To be clear, I am neither a proponent for or against remote work. I see the value and benefits of working remotely, but I am also well aware of the pitfalls and issues that affect workplaces, especially when the work itself does not lend itself to the remote model. I am a proponent of good leadership, finding ways to bring people together, increasing INCLUSIVITY for everyone at all levels, EMOTIONAL INTELLIGENCE, understanding human beings and their complexity, and being strategic.

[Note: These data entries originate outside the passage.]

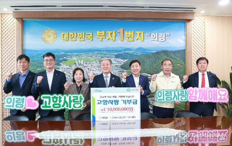 팩트메인뉴스 이훈 기자 | 의령군은 지난 24일 창원시 NH농협 임직원 3명이 군을 방문해 지역 농협 임직원들이 모금한 고향사랑기부금 1,000만원을 전달했다고 밝혔다.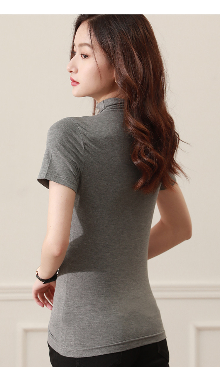 半高领t恤女短袖显瘦气质内搭舒适贴身纯色打底衫 375576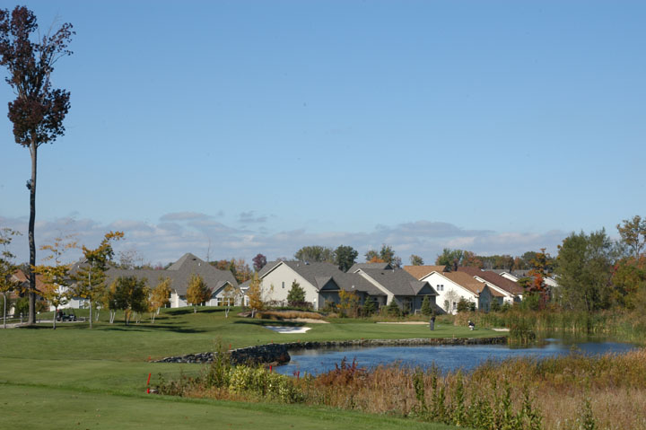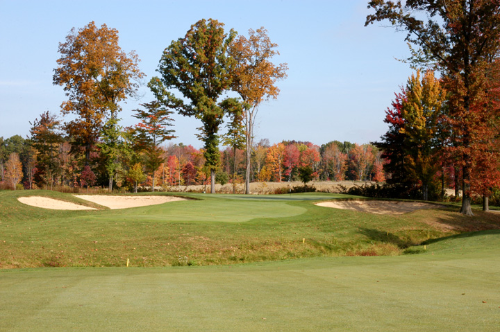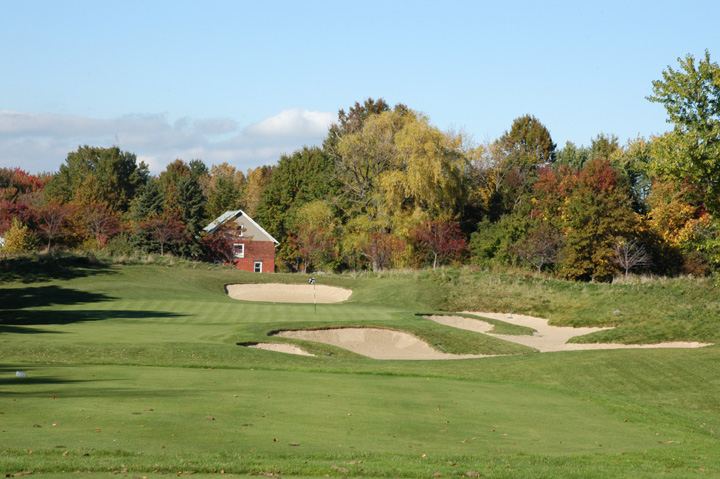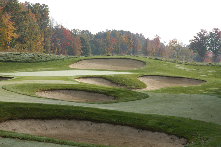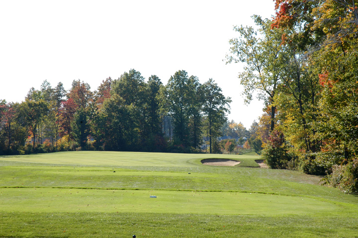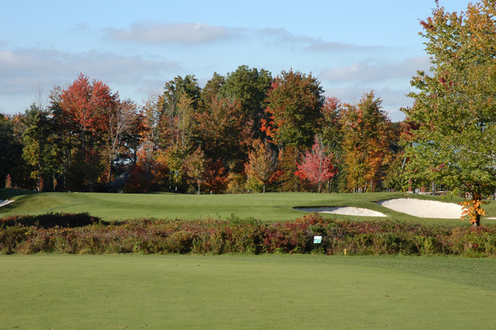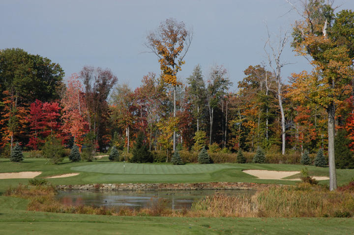 at 196yd CG (249yd from Gold tees). Approach to a 32yd deep green. Right 1/3 and left 1/3 have

Additionally, people need flexibility in today’s workplace to be productive. Flexibility can look like a lot of things, not just remote work, though remote work can be a viable way to allow for added flexibility. Work culture and human beings are complicated and the Great Remote Work Debate itself is completely flawed as it attempts to answer complex questions by pointing the finger at one issue and using that one issue as the sum total of all the causes for or against productivity and culture (and really many other things). It is not that simple, and that is why we keep having this conversation.